━━━━━ AVAILABLE RECORDS ━━━━━

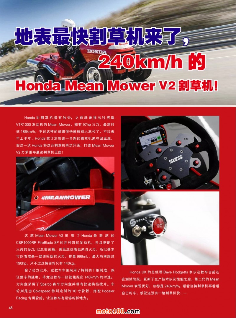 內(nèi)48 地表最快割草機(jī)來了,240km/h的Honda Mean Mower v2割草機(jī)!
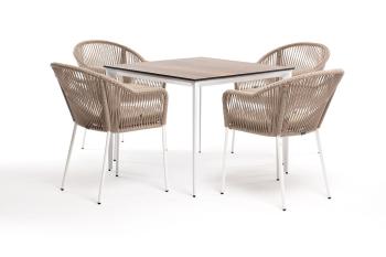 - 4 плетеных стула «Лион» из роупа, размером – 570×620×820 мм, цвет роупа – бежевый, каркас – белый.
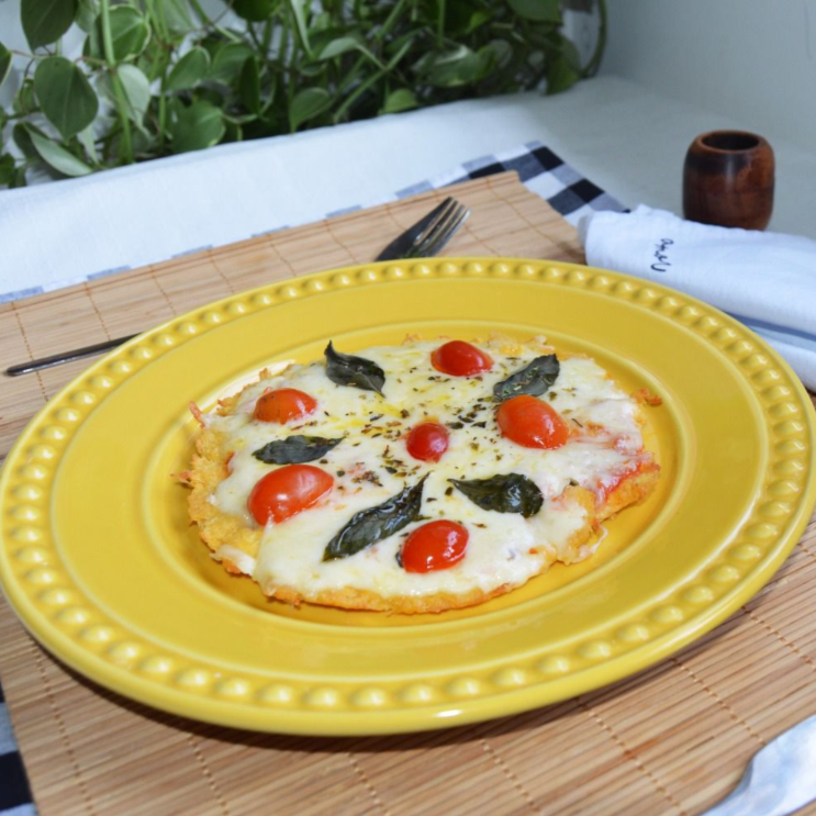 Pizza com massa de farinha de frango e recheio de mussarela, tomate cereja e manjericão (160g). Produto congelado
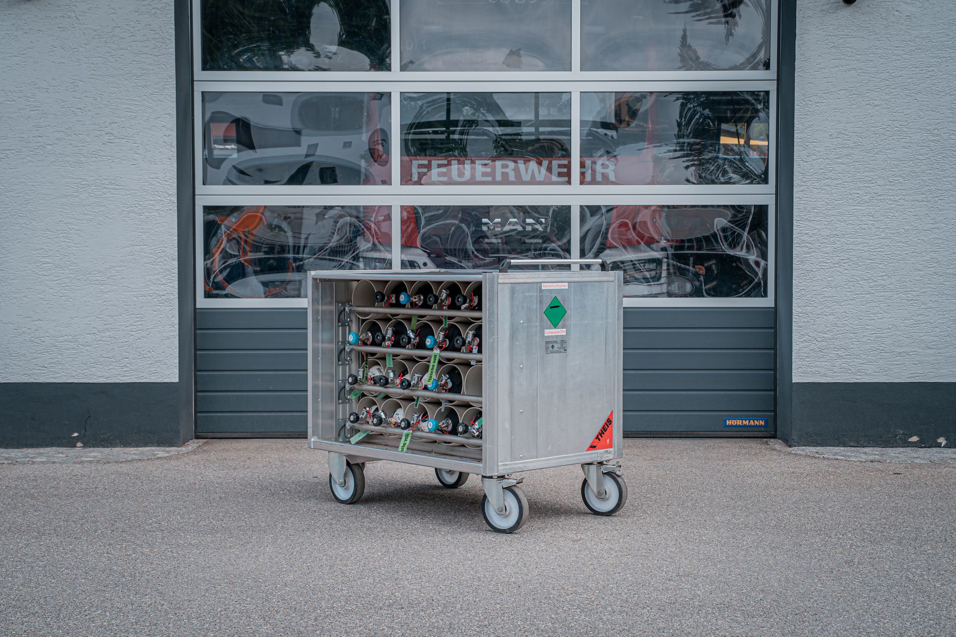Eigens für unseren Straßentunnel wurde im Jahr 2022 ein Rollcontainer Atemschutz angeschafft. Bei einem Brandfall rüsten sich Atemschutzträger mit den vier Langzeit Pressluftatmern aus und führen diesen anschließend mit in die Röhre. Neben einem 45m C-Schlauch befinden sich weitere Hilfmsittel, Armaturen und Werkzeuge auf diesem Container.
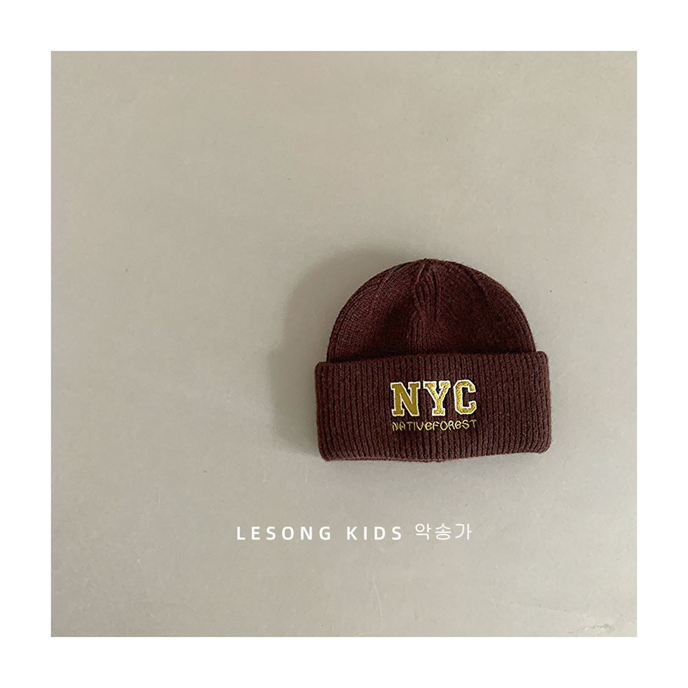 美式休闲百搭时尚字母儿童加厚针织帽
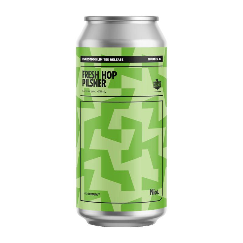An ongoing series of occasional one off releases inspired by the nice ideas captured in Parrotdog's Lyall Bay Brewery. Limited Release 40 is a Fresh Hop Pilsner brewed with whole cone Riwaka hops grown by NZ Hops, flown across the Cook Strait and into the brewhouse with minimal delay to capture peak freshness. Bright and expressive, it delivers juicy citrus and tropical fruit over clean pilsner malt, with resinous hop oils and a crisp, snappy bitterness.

━━━━━
━━━━━ AVAILABLE RECORDS ━━━━━

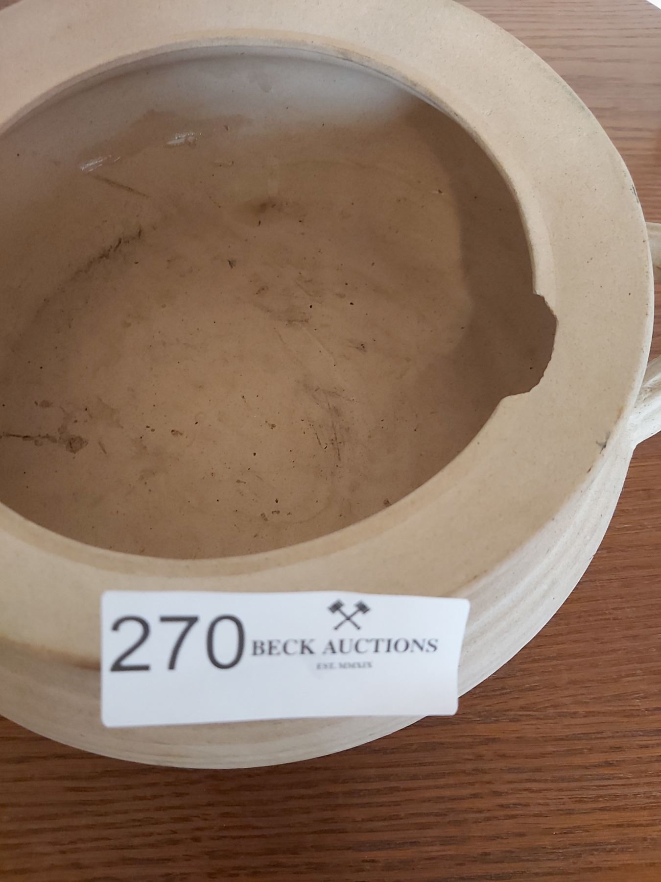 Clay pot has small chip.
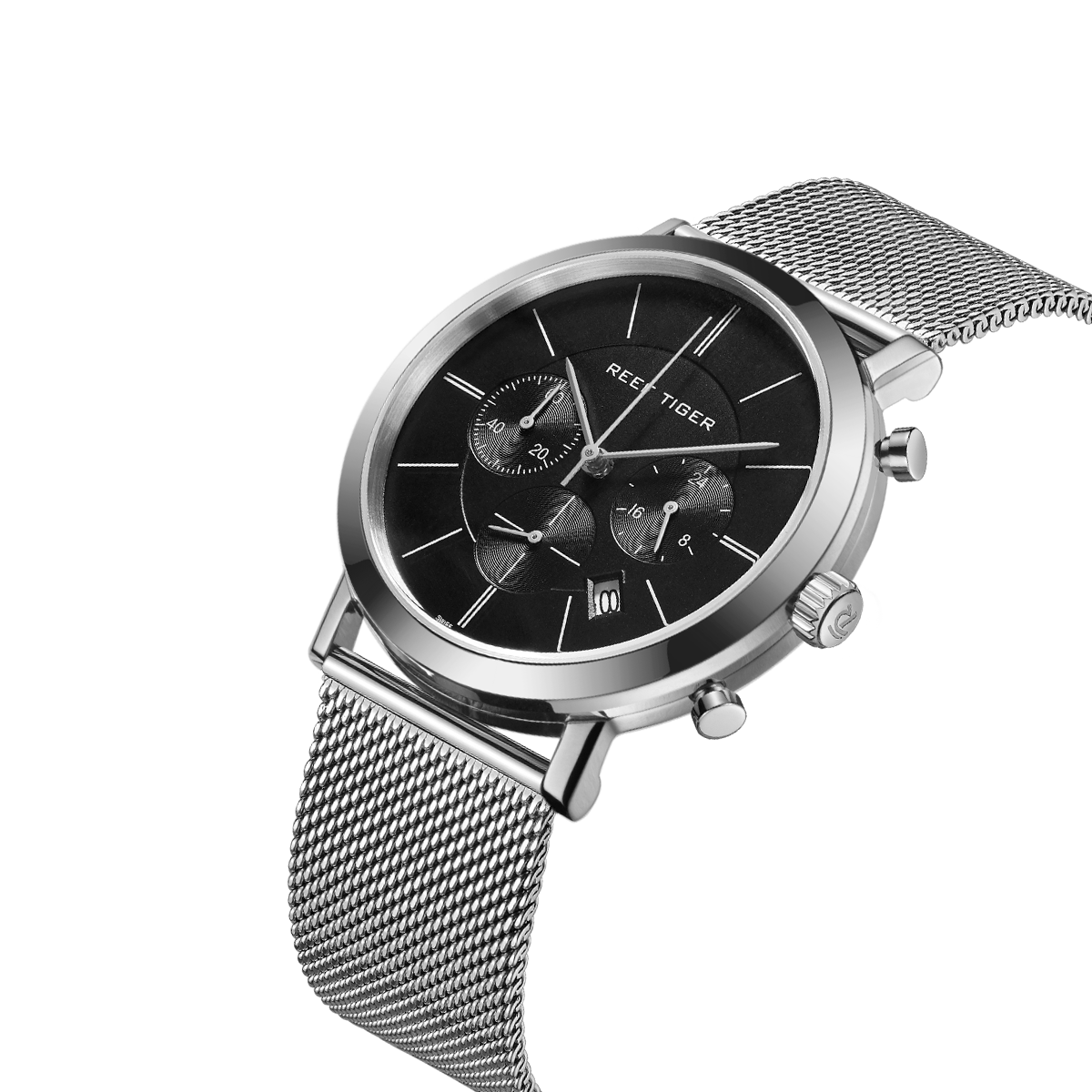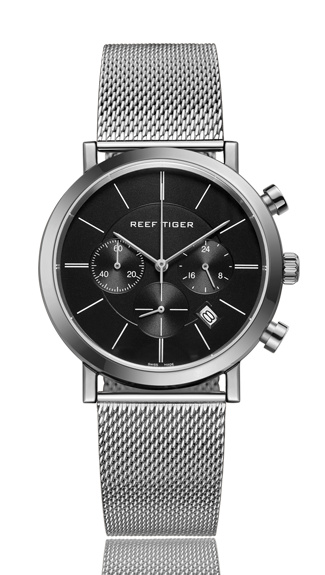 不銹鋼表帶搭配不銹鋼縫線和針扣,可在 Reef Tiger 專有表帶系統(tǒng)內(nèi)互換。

━━━━━

WHAT TO WORK ON → Reproduce exactly the lines above starting at the line containing "內(nèi)48 地表最快割草機(jī)來了,240km/h的Honda Mean" and ending at the line containing "An ongoing series", including both, but not the pictures.

ANSWER TO THE PROBLEM →
 內(nèi)48 地表最快割草機(jī)來了,240km/h的Honda Mean Mower v2割草機(jī)!
 - 4 плетеных стула «Лион» из роупа, размером – 570×620×820 мм, цвет роупа – бежевый, каркас – белый.
 Pizza com massa de farinha de frango e recheio de mussarela, tomate cereja e manjericão (160g). Produto congelado
Eigens für unseren Straßentunnel wurde im Jahr 2022 ein Rollcontainer Atemschutz angeschafft. Bei einem Brandfall rüsten sich Atemschutzträger mit den vier Langzeit Pressluftatmern aus und führen diesen anschließend mit in die Röhre. Neben einem 45m C-Schlauch befinden sich weitere Hilfmsittel, Armaturen und Werkzeuge auf diesem Container.
 美式休闲百搭时尚字母儿童加厚针织帽
An ongoing series of occasional one off releases inspired by the nice ideas captured in Parrotdog's Lyall Bay Brewery. Limited Release 40 is a Fresh Hop Pilsner brewed with whole cone Riwaka hops grown by NZ Hops, flown across the Cook Strait and into the brewhouse with minimal delay to capture peak freshness. Bright and expressive, it delivers juicy citrus and tropical fruit over clean pilsner malt, with resinous hop oils and a crisp, snappy bitterness.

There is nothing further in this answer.